A data breach or misuse of PII in AI systems can lead to severe reputational damage. Once trust is lost, regaining it can be a long and costly process.

Misuse of PII in AI Systems

Consider the case of a hospital AI system, used for managerial and assistance task. If the AI model was trained or used on a dataset that included PII without proper consent (such as individuals’ faces, their names, addresses, SSNs, card numbers, etc), the system could potentially identify and track people across different locations, violating their privacy rights.

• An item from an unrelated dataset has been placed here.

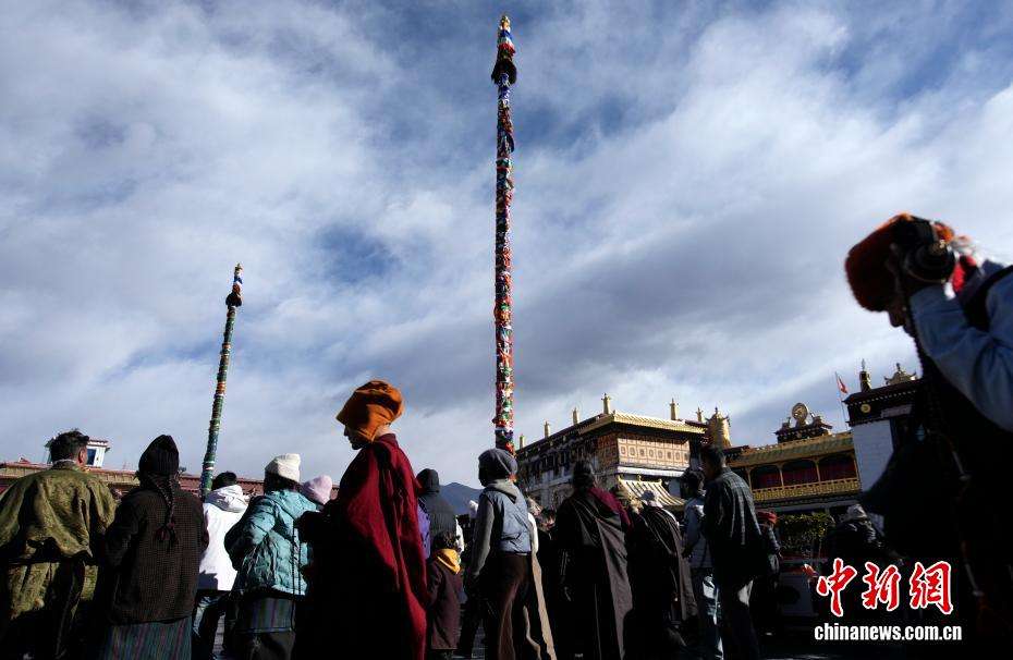 2月5日,更换经幡仪式结束后,崭新的经幡柱屹立在大昭寺广场。中新网

But, not just that, but keeping this info without consent, or using it by any means to produce output, can be treated a violation of HIPAA laws and can get the hospital in legal trouble

The Mistakes:

The facial recognition model wasn’t trained and used with anonymized or consented images.
The data governance protocols failed to properly manage and anonymize the sensitive information before it was used for AI training or inference.

The Consequences:

Privacy violations occurred as individuals were unknowingly tracked.
The company faced fines under GDPR for mishandling data.
The public lost trust in the company’s technology.

Corrective Measures:

Revised Data Collection Processes: The company implemented stricter data collection standards and consent protocols.
Enhanced Privacy Measures: They incorporated differential privacy and anonymization techniques for future datasets.
Transparency with Users: The company improved its communication about how data would be used, allowing users to control what data was shared.

The Importance of Data Governance

AI systems are powerful tools, but they come with the responsibility of ensuring that they respect privacy and data security. In the case of PII, careful attention must be paid to how data is collected, processed, and used in AI models. Implementing strong data governance practices can mitigate the risk of PII slipping into AI’s “mind” and ensure that these technologies are used ethically and in compliance with privacy laws.